InterpretResult run(VM *vm) {
    for (;;) {
        uint8_t instruction = *vm->ip++;
        switch (instruction) {
            case OP_CONSTANT: {
                Value c = vm->chunk->constants.values[*vm->ip++];
                push(vm, c);
                break;
            }
            case OP_ADD: {
                double b = AS_NUMBER(pop(vm));
                double a = AS_NUMBER(pop(vm));
                push(vm, NUMBER_VAL(a + b));
                break;
            }
            // ...
            case OP_RETURN: return INTERPRET_OK;
        }
    }
}

Evidence: VM executes the hand-emitted bytecode from Milestone 1 and prints the right answer.

Milestone 3: Single-pass compiler (Pratt parser)

Replace the AST-based parser from the interpreter with a single-pass parser that emits bytecode directly. Use a Pratt parser -- the cleanest way to handle operator precedence in one pass.

typedef enum {
    PREC_NONE, PREC_ASSIGNMENT, PREC_OR, PREC_AND,
    PREC_EQUALITY, PREC_COMPARISON, PREC_TERM,
    PREC_FACTOR, PREC_UNARY, PREC_CALL, PREC_PRIMARY,
} Precedence;

typedef void (*ParseFn)();
typedef struct { ParseFn prefix; ParseFn infix; Precedence precedence; } ParseRule;

ParseRule rules[] = {
    [TOKEN_LEFT_PAREN] = {grouping, NULL,   PREC_NONE},
    [TOKEN_MINUS]      = {unary,    binary, PREC_TERM},
    [TOKEN_PLUS]       = {NULL,     binary, PREC_TERM},
    [TOKEN_STAR]       = {NULL,     binary, PREC_FACTOR},
    // ...
};

Evidence: Compile and run (1 + 2) * 3 - 4 end to end.

Milestone 4: Strings and constants

Add a string type.
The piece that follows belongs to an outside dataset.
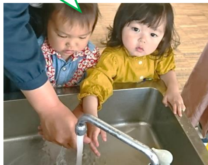
【てあらいをしましょうね】

Intern strings so == is pointer equality. Add hash table for the symbol table.

Evidence: Compile and run print "hello" + " " + "world";.

Milestone 5: Variables and scope

Local variables live on the VM stack at compile-time-known offsets. Globals live in a hash table.

typedef struct { Token name; int depth; } Local;
typedef struct { Local locals[256]; int local_count; int scope_depth; } Compiler;

Evidence: Run a program with nested scopes and shadowing.

Milestone 6: Control flow (jumps)

if, while, for, and, or. Emit OP_JUMP_IF_FALSE with a placeholder offset, then back-patch the offset once you know the target.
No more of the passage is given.